Впрочем, не всё было так мрачно. Только что вышел великолепный фильм «Собачье сердце». Появилось ленинградское телевидение с невзоровскими «600 секунд». Осенью разрушат берлинскую стену. Появятся «варёные» джинсы. Примерно в то же время я начал активно осваивать братьев Стругацких и Станислава Лема. Слава богу, с книгами в СССР проблем не было, и, как всякий прилежный советский школьник и пионер, я ходил в библиотеку и регулярно брал внеклассное чтение. Я был не в том возрасте, чтобы читать самиздат, но и время уже было другим: хорошая литература стала доступнее.

Впрочем, что это я? Ностальгия? Нет, вряд ли. Разве что ностальгия по детству. Ведь из всего перечисленного с тех времён я помню лишь «Комсомолец», «600 секунд» да «Магелланово облако» Лема. Всё остальное я узнал и понял позже, когда подрос. Даже колбаса откуда-то дома периодически возникала – варёная. А ещё у меня тогда впервые появились компактные аудиокассеты: одна с альбомом Александра Розенбаума, другая – с «Оловянной душой» Владимира Асмолова. До этого у нас был только катушечный магнитофон 60-лохматого года и записи Высоцкого. Понятное дело, что ни о каких torrent-раздачах, mp3-плеерах, интернет-провайдерах, айпадах и айфонах речи и быть не могло. Хотя, если вновь обратиться к истории, то можно заметить, что уже с 90-го года в Москву пришла сеть Фидо, и в нашей стране начал формироваться неведомый доселе класс неформалов – фидошники. Но в маленьком провинциальном городе слово «компьютер» могли произнести разве что заезжие гости из Мурманска, где в это время в Кольском филиале Академии наук СССР только-только стали появляться персональные компьютеры типа IBM PC. А у меня был лишь крутой программируемый калькулятор МК-61.

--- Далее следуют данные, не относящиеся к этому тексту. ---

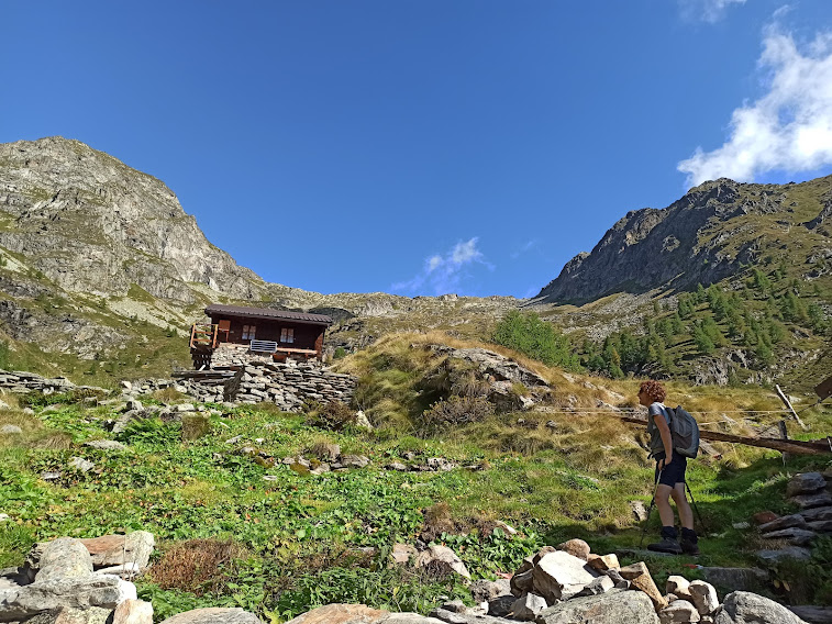 Qui si può salire verso nord al bivacco Lamè, ai Laghi Sfondati e al Pizzo San Martino e, verso nord ovest, all’Alpe Crosa, al Lago Grande, ai Laghi di Prebianca e al Passo di Lareccio. Tutte bellissime mete, ma, a parte l’Alpe Crosa e il Lago Grande, ancora piuttosto lontane. Dopo il pranzo molto più lungo del solito torniamo verso valle. All’Alpe Briga incontriamo altri yak, che ci vengono incontro, forse alla ricerca di sale, con due vitellini neri.
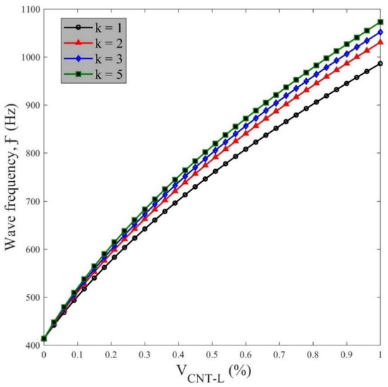 In this section, we study the sensitivity of the wave frequency and phase velocity to different input parameters that could serve for design purposes of many high-tech devices made of advanced CNT-reinforced composite materials, and further computational studies on the topic. We start the analysis by accounting for the mechanical properties of the constituent materials in Table 1 for FG CNTs-reinforced composites, while validating the proposed methodology with findings by Loy [38] from literature. Table 2 summarizes the results in terms of dimensionless natural frequency for a simply-supported structure and different wave numbers, with a good correspondence between results based on our model and those once from literature. One of the critical aspects for such structures, relies on the influence of the CNT distribution in the length direction. To this end, we plot the wave frequency vs. the wave number for various CNTs volume fractions, while keeping fixed and , as visible in Figure 2. For low wave numbers, up to the unit value, any variation in the wave frequency is noticed, after which a monotonic increase of wave frequency occurs for increased values of wave number. This behavior is even more pronounced for an increased volume fraction of the reinforcing phase. For a constant wave number, indeed, an increased volume fraction of CNTs gets higher values of wave frequency. A further investigation accounts for the influence of the volume fraction of CNTs and wave number on the phase velocity of the structure, as plotted in Figure 3. Note that for small wave numbers up to 0.1, the volume fraction does not affect the phase velocity, with a meaningful variation in the response for higher wave numbers in a non monotonic sense, both in the ascending and descending branches of the plots. Small variations in the volume fraction of CNTs within the range 0.1 and 10, enable a severe additive effect on the phase velocity, where the structure gets stiffer.

Но речь не об этом. Тогда, неожиданно солнечным апрельским днём 1989 года, на уроке истории мы почему-то повторяли Древний Египет. В который раз я видел на картинке в учебнике древние гигантские пирамиды и равнодушно оценивал полчища рабов, волокущих огромные базальтовые глыбы к вершине великого детища фараона Хуфу, известного также под именем Хеопс. Тогда я и представить себе не мог, как тесно окажется связанной с пирамидами моя жизнь. И вдруг, сам того не желая, я объявил:

– Чушь это всё!

И покраснел, как рак. Потому что сказано это было громко, и весь класс тут же уставился на меня в изумлении. Даже Женька с Петькой, наши отпетые хулиганы, перестали играть в морской бой.

– Ваня, – строго сказала Зоя Фёдоровна, взвешивая в руках пластмассовую указку метровой длины, – повтори, что ты сказал.

Я, как положено, встал, подняв откидную крышку старинной парты. Такие парты, наверное, в фильме «Доживём до понедельника» снимали. Не наши, конечно, а точно такие же московские.

Мне нужно было промолчать, или, на худой конец, тупо глядя в парту, пробурчать «ничего, простите». И уже завтра все бы забыли об этом. Как-никак, я был на хорошем счету, и мне можно было простить неосмотрительную выходку. Но меня что-то неумолимо заставляло ворочать языком.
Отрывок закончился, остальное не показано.